**What you need to do**
Reproduce the listing that follows in full. Omit its images.

[Start of Attachment]

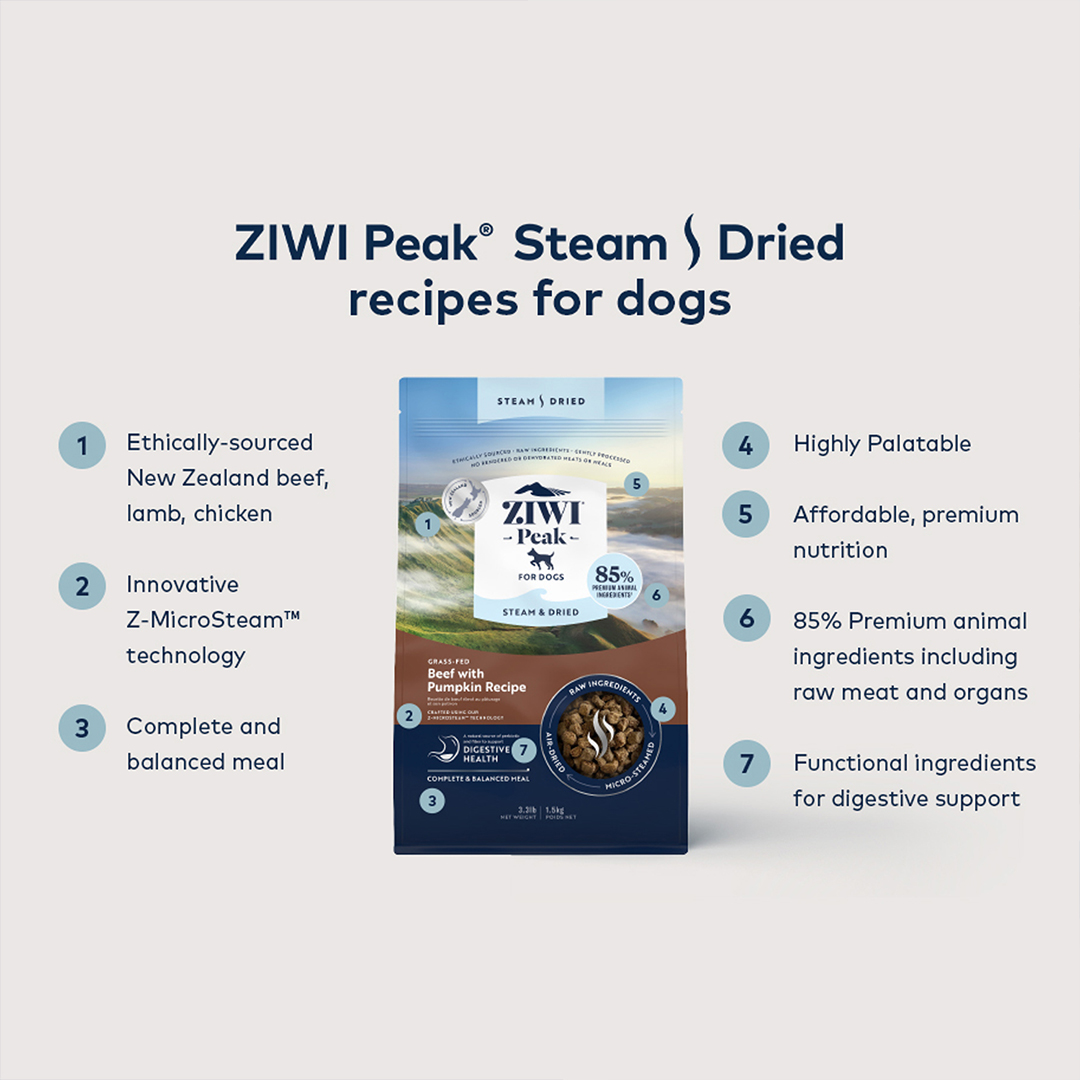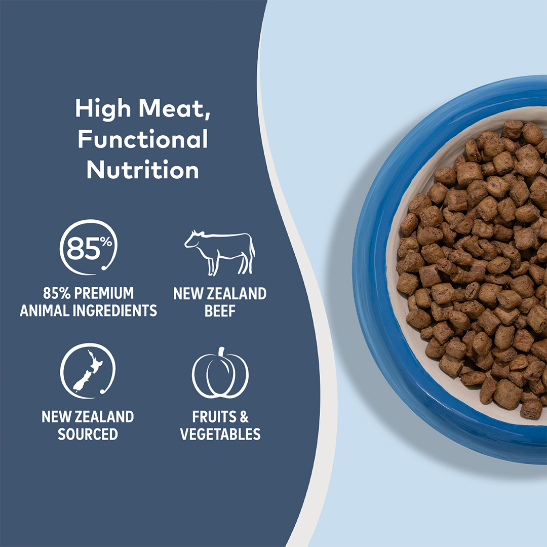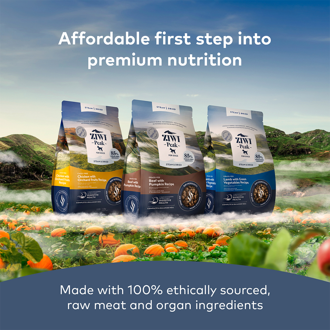 Crafted from ethically sourced raw lamb from New Zealand’s green pastures with a blend of spinach, kale, green beans, and chicory root to support digestive health. Delicately micro-steamed then gently air-dried via our innovative two-step Z-MicroSteam™ technology to ensure optimum nourishment and palatability.
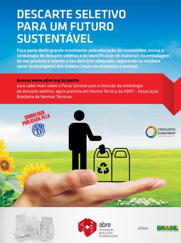 DESCARTE SELETIVO PARA UM FUTURO SUSTENTÁVEL Faça parte deste grande movimento pela educação do consumidor. Inclua a simbologia de descarte seletivo e de identificação de materiais na embalagem do seu produto e oriente o seu descarte adequado, separando os resíduos secos (embalagens) dos úmidos (resto de alimentos e outros). Acesse www.abre.org.br/pacto
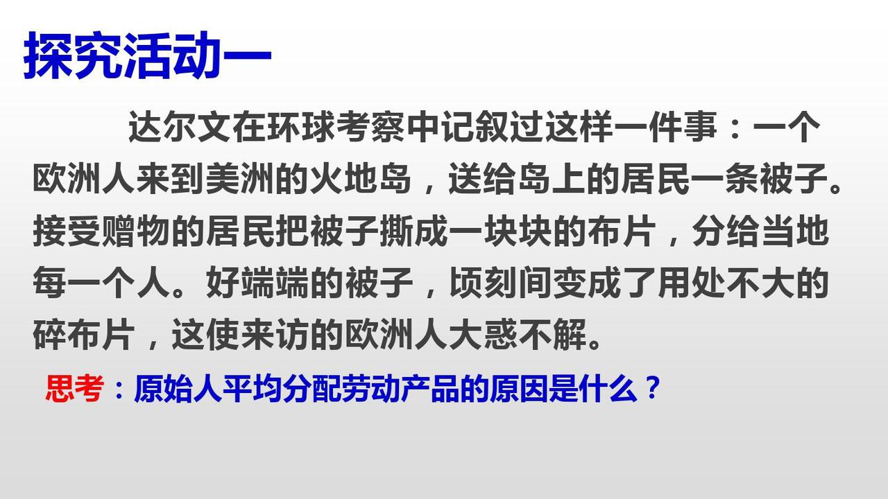 提示 查阅相关资料略。在原始社会,生产力低下,人们必须共同劳动,共同占有生产资料,在生产中结成平等互助的关系,平均分配劳动产品,只有这样才能保证整个部落的人能够在残酷的自然环境下生存下来并发展下去。
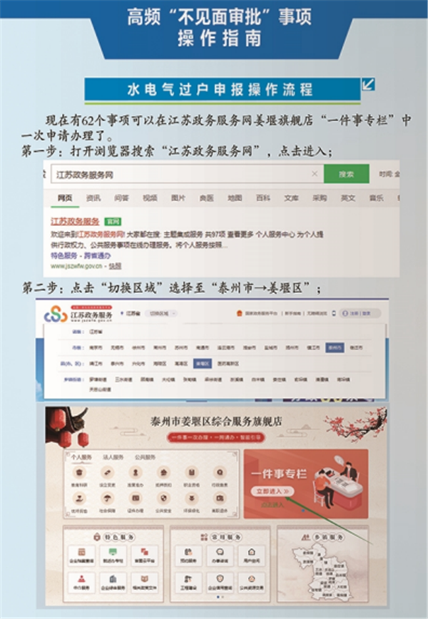 持续推动政务服务“智慧化”转型,高标准建设政务服务网姜堰旗舰店,62个“一件事”套餐全流程网上可办,实现企业和群众办事“只进一张网,办成所有事”,足不出户、就能畅快体验“网购”一般便捷的政务服务。积极融入区域一体化发展,拓展长三角“一网通办”事项,实现与长三角地区范围内政务服务中心“实时联动办理、线上双向审批”。通过增设政务服务自助一体机,印制《自助办政务服务事项操作指南》,扩展自助服务,将更高质量、更高效率的政务服务送到群众手里,让自助服务的便利辐射更多群众。
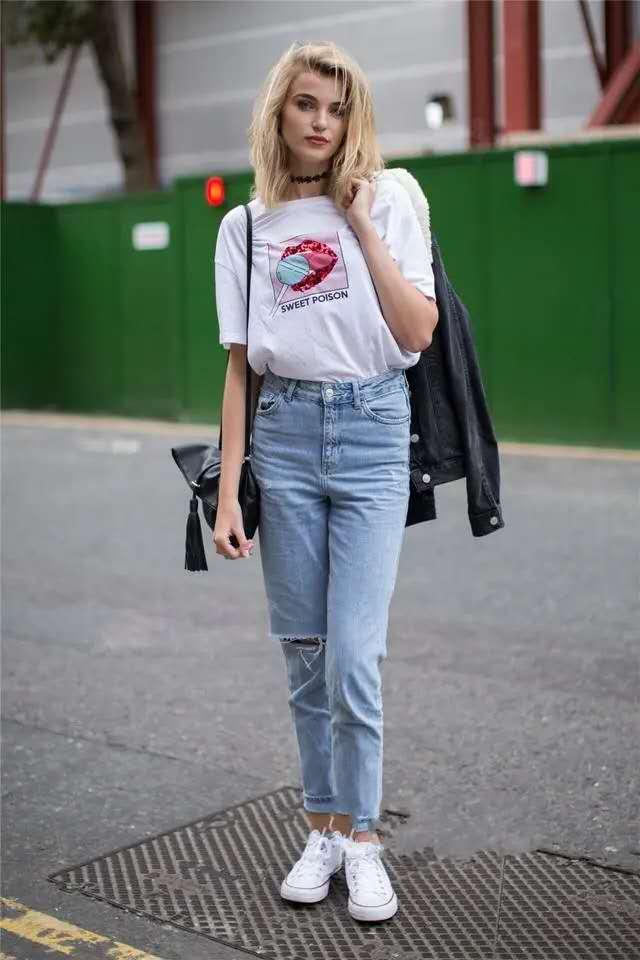 Compared with solid color T-shirts, printed T-shirts can attract others’ attention more easily , while also showing its unique personality. A simple printed T-shirt with letters and flowers is the easiest way to show your style, but if you want to wear a T-shirt with a large area of ​​printing, then the choice of bottoms should be simple.
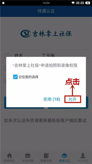 吉林掌上社保APP待遇認(rèn)證說明

[End of Attachment]

**Solution for this exercise**
 Crafted from ethically sourced raw lamb from New Zealand’s green pastures with a blend of spinach, kale, green beans, and chicory root to support digestive health. Delicately micro-steamed then gently air-dried via our innovative two-step Z-MicroSteam™ technology to ensure optimum nourishment and palatability.
 DESCARTE SELETIVO PARA UM FUTURO SUSTENTÁVEL Faça parte deste grande movimento pela educação do consumidor. Inclua a simbologia de descarte seletivo e de identificação de materiais na embalagem do seu produto e oriente o seu descarte adequado, separando os resíduos secos (embalagens) dos úmidos (resto de alimentos e outros). Acesse www.abre.org.br/pacto
 提示 查阅相关资料略。在原始社会,生产力低下,人们必须共同劳动,共同占有生产资料,在生产中结成平等互助的关系,平均分配劳动产品,只有这样才能保证整个部落的人能够在残酷的自然环境下生存下来并发展下去。
 持续推动政务服务“智慧化”转型,高标准建设政务服务网姜堰旗舰店,62个“一件事”套餐全流程网上可办,实现企业和群众办事“只进一张网,办成所有事”,足不出户、就能畅快体验“网购”一般便捷的政务服务。积极融入区域一体化发展,拓展长三角“一网通办”事项,实现与长三角地区范围内政务服务中心“实时联动办理、线上双向审批”。通过增设政务服务自助一体机,印制《自助办政务服务事项操作指南》,扩展自助服务,将更高质量、更高效率的政务服务送到群众手里,让自助服务的便利辐射更多群众。
 Compared with solid color T-shirts, printed T-shirts can attract others’ attention more easily , while also showing its unique personality. A simple printed T-shirt with letters and flowers is the easiest way to show your style, but if you want to wear a T-shirt with a large area of ​​printing, then the choice of bottoms should be simple.
 吉林掌上社保APP待遇認(rèn)證說明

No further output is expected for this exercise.